* **ENTRIES SUPPLIED**:

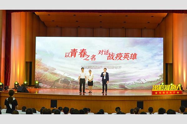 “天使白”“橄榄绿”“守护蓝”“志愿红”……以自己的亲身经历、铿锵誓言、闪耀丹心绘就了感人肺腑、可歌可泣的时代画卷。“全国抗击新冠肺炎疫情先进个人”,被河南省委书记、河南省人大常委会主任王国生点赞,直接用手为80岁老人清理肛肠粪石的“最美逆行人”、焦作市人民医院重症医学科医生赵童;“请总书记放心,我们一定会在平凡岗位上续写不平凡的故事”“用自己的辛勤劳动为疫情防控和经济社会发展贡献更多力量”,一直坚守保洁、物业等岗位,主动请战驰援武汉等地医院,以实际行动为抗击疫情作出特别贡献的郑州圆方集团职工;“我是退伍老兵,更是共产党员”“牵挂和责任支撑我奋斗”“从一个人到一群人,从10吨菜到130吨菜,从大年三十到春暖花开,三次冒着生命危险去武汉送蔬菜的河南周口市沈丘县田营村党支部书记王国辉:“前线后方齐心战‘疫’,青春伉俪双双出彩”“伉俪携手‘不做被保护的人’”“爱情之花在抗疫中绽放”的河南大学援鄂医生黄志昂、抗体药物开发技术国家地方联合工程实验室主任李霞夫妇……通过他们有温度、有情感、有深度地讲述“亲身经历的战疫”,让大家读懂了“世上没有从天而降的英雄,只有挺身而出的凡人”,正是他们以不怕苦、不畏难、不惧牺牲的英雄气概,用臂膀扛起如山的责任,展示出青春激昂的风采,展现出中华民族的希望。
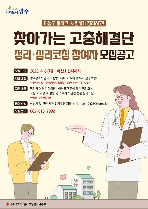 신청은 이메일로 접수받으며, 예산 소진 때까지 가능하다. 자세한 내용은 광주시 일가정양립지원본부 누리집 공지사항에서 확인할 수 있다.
==
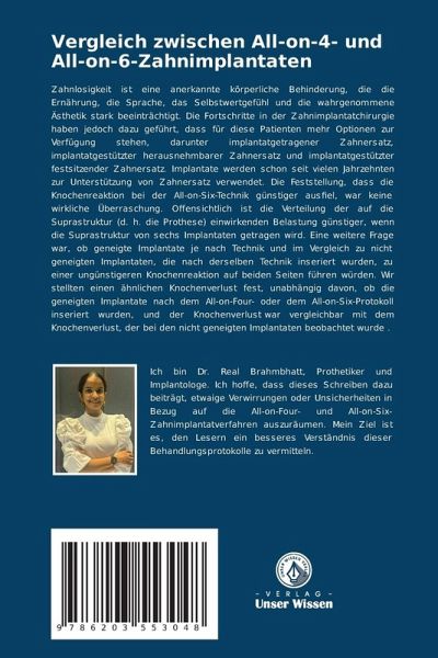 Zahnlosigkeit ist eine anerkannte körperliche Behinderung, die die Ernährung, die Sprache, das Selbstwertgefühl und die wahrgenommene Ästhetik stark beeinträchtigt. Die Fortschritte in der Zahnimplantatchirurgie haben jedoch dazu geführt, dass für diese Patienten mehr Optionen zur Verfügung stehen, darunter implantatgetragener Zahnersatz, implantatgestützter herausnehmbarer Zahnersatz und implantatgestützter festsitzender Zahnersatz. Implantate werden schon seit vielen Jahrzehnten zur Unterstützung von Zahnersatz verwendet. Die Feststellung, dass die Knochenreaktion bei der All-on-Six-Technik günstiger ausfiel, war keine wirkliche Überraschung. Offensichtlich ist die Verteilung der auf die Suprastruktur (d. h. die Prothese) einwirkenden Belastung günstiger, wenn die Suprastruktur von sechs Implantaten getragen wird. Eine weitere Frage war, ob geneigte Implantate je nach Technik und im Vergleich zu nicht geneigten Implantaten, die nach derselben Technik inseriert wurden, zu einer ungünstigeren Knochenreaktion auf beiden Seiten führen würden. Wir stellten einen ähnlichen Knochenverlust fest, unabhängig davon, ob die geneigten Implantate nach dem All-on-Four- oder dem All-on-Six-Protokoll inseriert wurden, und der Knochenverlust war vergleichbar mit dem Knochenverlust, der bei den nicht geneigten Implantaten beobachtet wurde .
* * *
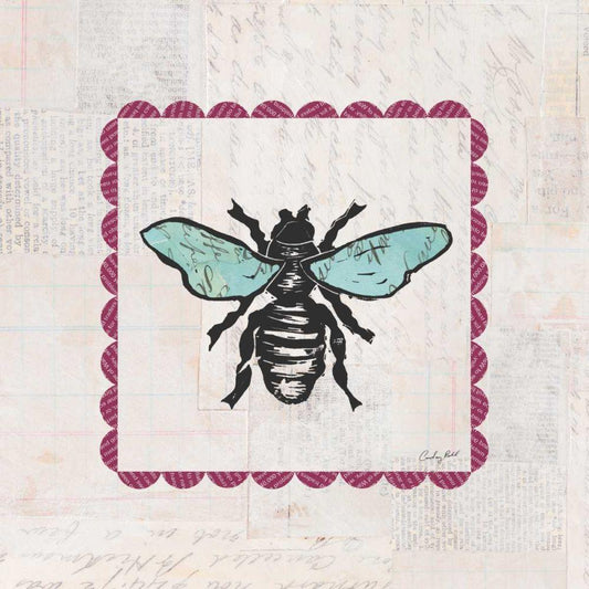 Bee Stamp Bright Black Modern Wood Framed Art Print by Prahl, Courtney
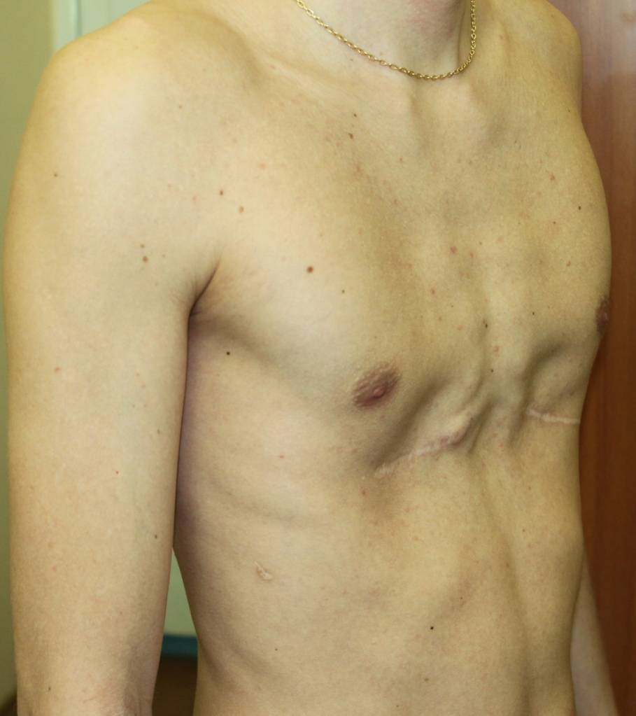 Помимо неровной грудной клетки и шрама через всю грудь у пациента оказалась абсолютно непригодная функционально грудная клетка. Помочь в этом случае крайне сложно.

* **ABOUT THIS EXERCISE**:
Now transcribe the lines above exactly, starting at the line containing "Bee Stamp Bright" and ending at the line containing "Помимо неровной грудной", both lines included, pictures excluded.

* **ANSWER AREA**:
 Bee Stamp Bright Black Modern Wood Framed Art Print by Prahl, Courtney
 Помимо неровной грудной клетки и шрама через всю грудь у пациента оказалась абсолютно непригодная функционально грудная клетка. Помочь в этом случае крайне сложно.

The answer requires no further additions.